Copy out the data below from the line containing "根据《昭通市2020年事业单" to the line containing "[보도자료]2019년 제29회 세계청소년야구선수권대회", both lines included, with all images left out.

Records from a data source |

»»

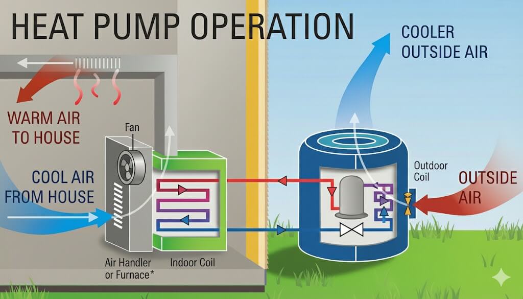When temperatures drop, the heat pump reverses direction. The reversing valve changes the refrigerant flow, and the system starts extracting heat from the outdoor air:
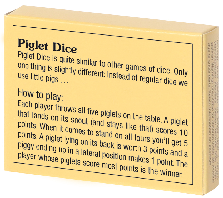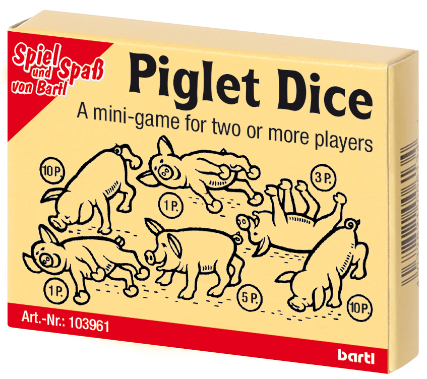 Es wird mit fünf Gummiferkeln gewürfelt. Dabei fallen die Schweine in verschiedene Positionen und erzielen so verschiedene Punkte. Wer mit seinem Wurf die höchste Punktzahl erreicht, gewinnt. Englische Version.
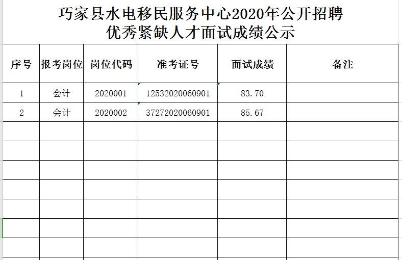 根据《昭通市2020年事业单位公开招聘紧缺专业人才实施办法》(昭人社通[2020]44号)通知要求,现将巧家县水电移民服务中心2020年公开招聘优秀紧缺人才面试成绩公示如下:
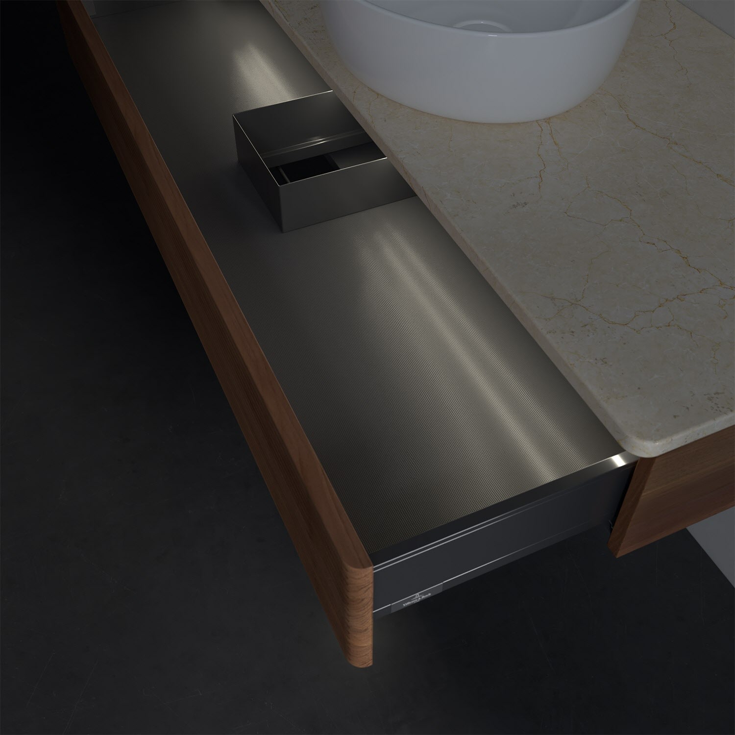 Villeroy & Boch Antao Waschbeckenunterschrank, 120 x 19 cm, 1 Auszug mit LED-Licht, Front mit Struktur, ohne Hahnloch, für Waschtisch mittig
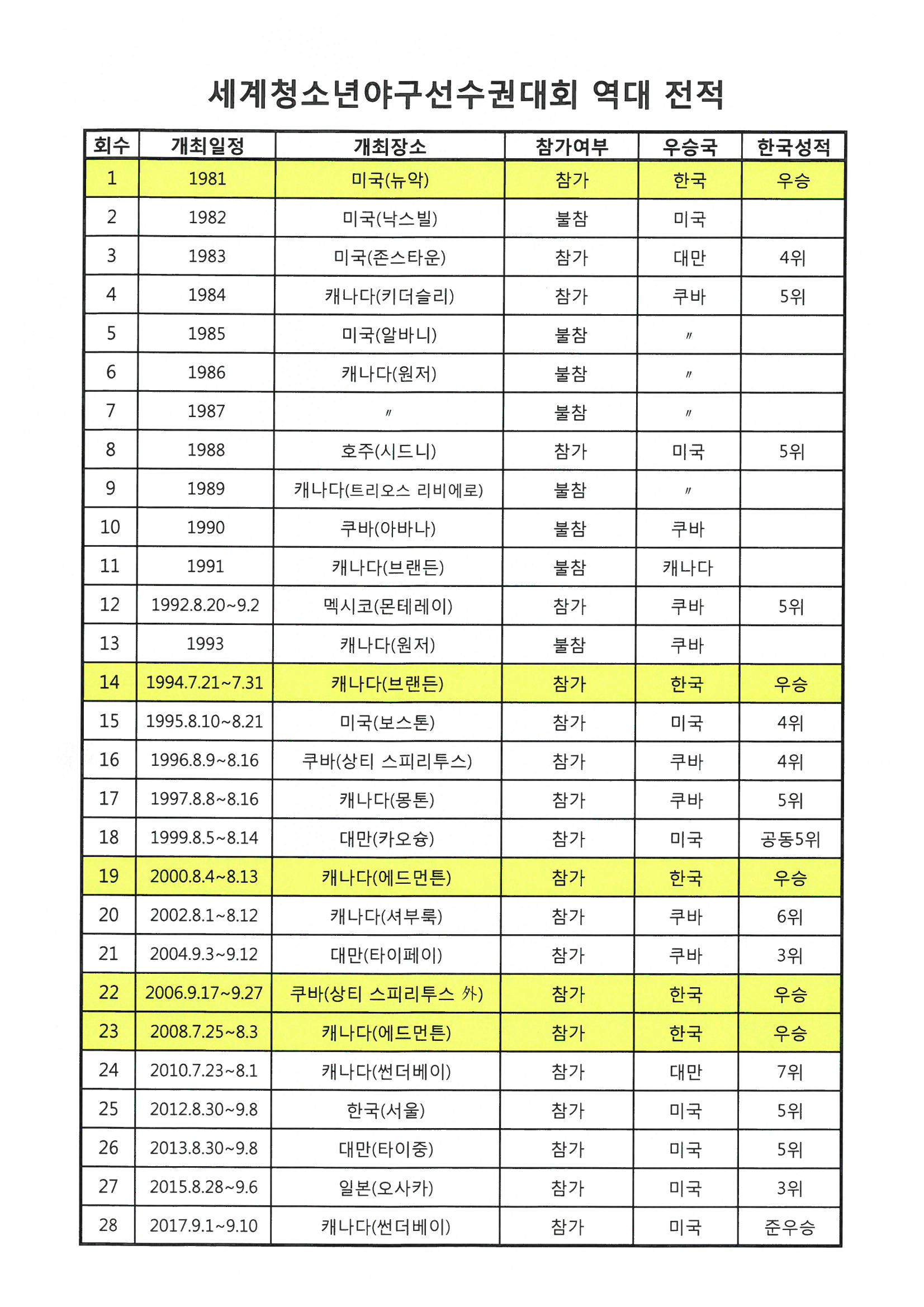 [보도자료]2019년 제29회 세계청소년야구선수권대회 한국(부산 기장군) 개최 확정
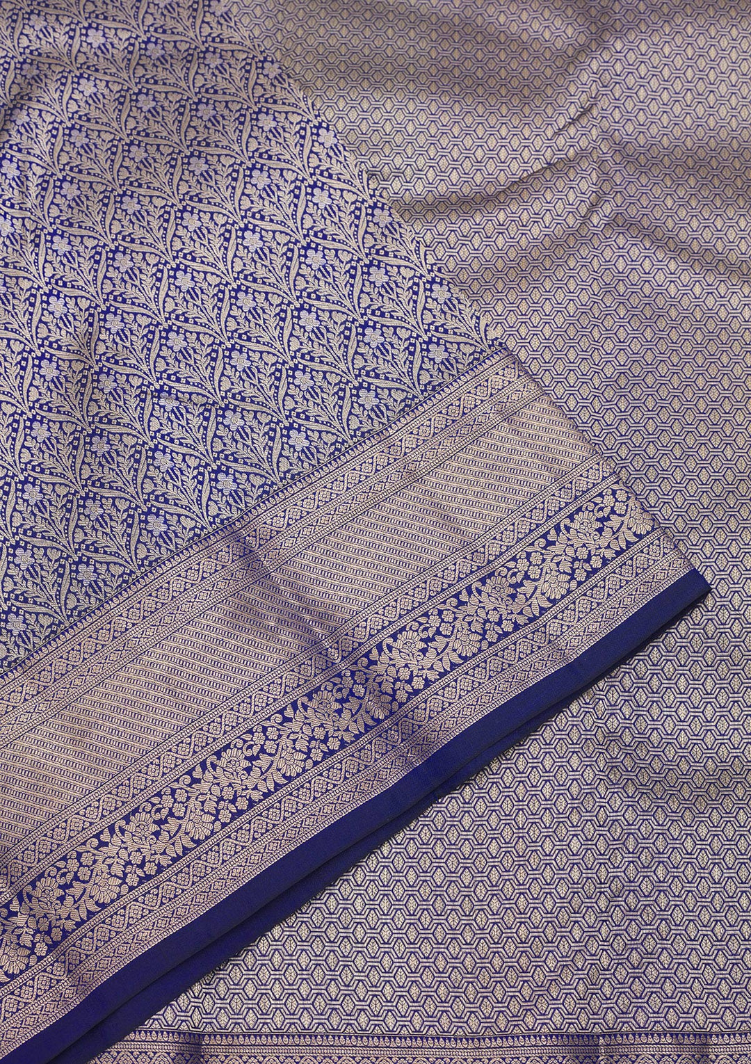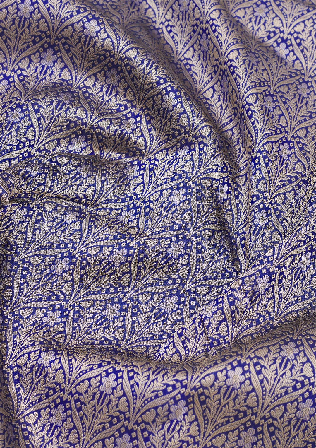Royal Blue Saree in Pure Silk fabric. The Saree is elevated with Zariwork embroidery. It comes with an Unstitched blouse. Comes with the Koskii promise of premium quality.
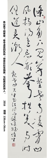 李俊生作品《条山角下阅草堂、老寺凌霄凹风扬、得意忘形苍拙美、与时俱进弄潮人》2016 规格:138cmx36cm
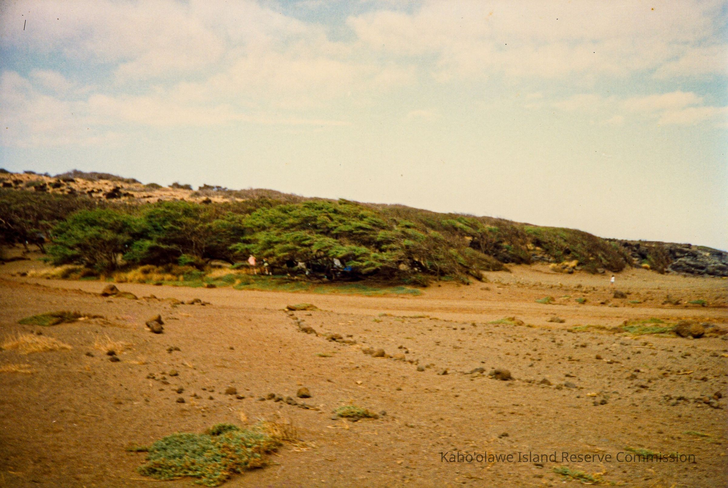 Color photograph of sandy, semi-rocky terrain with a group of people standing underneath a group of trees. This photo may have been taken in Hakioawa, Kaho'olawe.Photograph Details
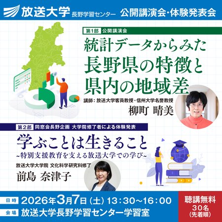 放送大学長野学習センターで公開講演会・体験発表会 3/7(土)

««

ANSWER TO THIS EXERCISE |
 根据《昭通市2020年事业单位公开招聘紧缺专业人才实施办法》(昭人社通[2020]44号)通知要求,现将巧家县水电移民服务中心2020年公开招聘优秀紧缺人才面试成绩公示如下:
 Villeroy & Boch Antao Waschbeckenunterschrank, 120 x 19 cm, 1 Auszug mit LED-Licht, Front mit Struktur, ohne Hahnloch, für Waschtisch mittig
 [보도자료]2019년 제29회 세계청소년야구선수권대회 한국(부산 기장군) 개최 확정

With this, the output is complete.